The school mascot during my middle school-aged years was a Spartan.

“The mighty, mighty Spartans” so went the school song.

The school colors were purple and white.

While memories about the former Garfield Elementary School surfaced when the renovated building was opened to the public last month, the photograph of the Abilene High School in Tuesday’s newspaper also jarred flashbacks for me.

Even though I sometimes feel like I attended that high school back in the 1950s, I actually wandered those halls when it was the Abilene Junior High.

Kinda makes one start singing “Memories.”

Many of the recollections of those two years at the school that was once located on Buckeye Avenue aren’t the fondest.

• Navigating the two-story building on the first day of school. (They didn’t have Meet the Teacher Day or Orientation Day back then.)
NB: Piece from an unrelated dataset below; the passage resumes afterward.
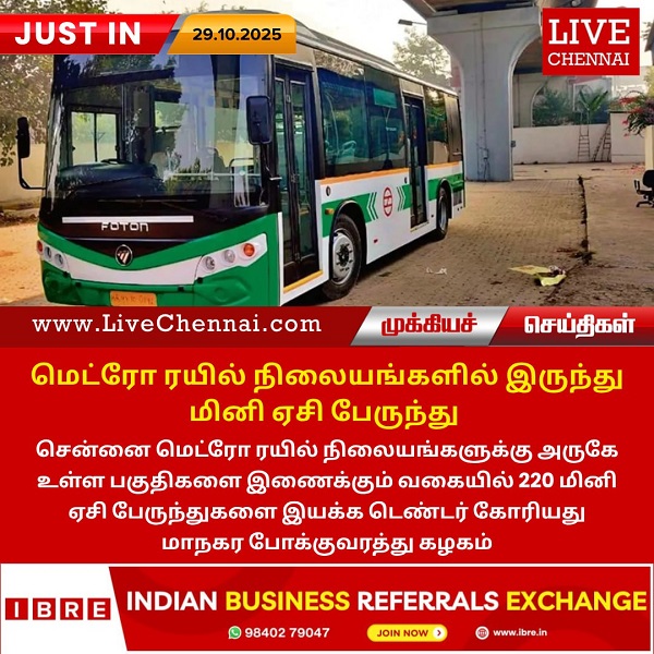 சென்னை மெட்ரோ ரயில் நிலையங்களுக்கு அருகே உள்ள பகுதிகளை இணைக்கும் வகையில் 220 மினி ஏசி பேருந்துகளை இயக்க டெண்டர் கோரியது மாநகர போக்குவரத்து கழகம்.

• Being thrown into classrooms with students I didn’t know, but being happy to at least find the right classroom.

• Forgetting my locker combination. (If I was able to actually find the locker.)

• Signed paddles hanging on the walls in most classrooms, even in the office of the girls’ PE teacher. (She may have hit the hardest.)

• Getting weekly grade slips, and naturally failing in English. (By failing two classes, one was not allowed to suit up for sports the next game so I was motivated to keep the grades up.)

• Being told over and over that I was “going to work with my hands.” (Probably because of that English grade and yes, I still struggle with grammar.)

• Getting sent home for wearing bellbottom pants. (They weren’t even jeans.)

• Detention.

• Fights across the street off school grounds. (They were usually broken up by Coach Gil Green.)

• Sweating indoors when the temperature topped 90 degrees and just a box fan was in a window if the window would open far enough. (But walking through the rain or snow each day at noon for lunch at Garfield.)

• Tipping the scales at 100 pounds which was not an asset when I was on the football field.

• Walking to the City Building to play basketball games because the court at the junior high was too small. (How in blazes did the high school team play on that court? The movie Hoosiers was based on a true story of high school basketball in 1954.)

• Attempting to sing in Mr. Gerald Laudermilk’s music class. (I wasn’t much better with the recorder, which we called a flute-a-phone.)

There were some good times, mostly not related to the three Rs.

• Maybe football wasn’t so fun, but basketball and golf were a blast. (Yes, they had golf in junior high. I found my junior high sports letter with several medals still attached.)

• Managing to not cut off a finger in Mr. George Missimer’s shop class. (Yes, I was working with my hands.)

• Gym class where we were exposed to other sports like wrestling and boxing.

• Not getting paddled by Mr. Missimer. (But then he was the golf coach and I think the paddles were mainly just to scare the students into behaving.)

• Sock hops. (Then getting harassed by other boys for apparently dancing with the wrong coed.)

• Having three Tims sitting together in class. (We didn’t confuse the teacher on purpose. Honestly.)

• Meeting a cute girl with long hair with big blue eyes. (Though I was too shy to say hello right away.)

I hope the kids this week are making lots of good memories right now in spite of the unusual routines and guidelines for 2020.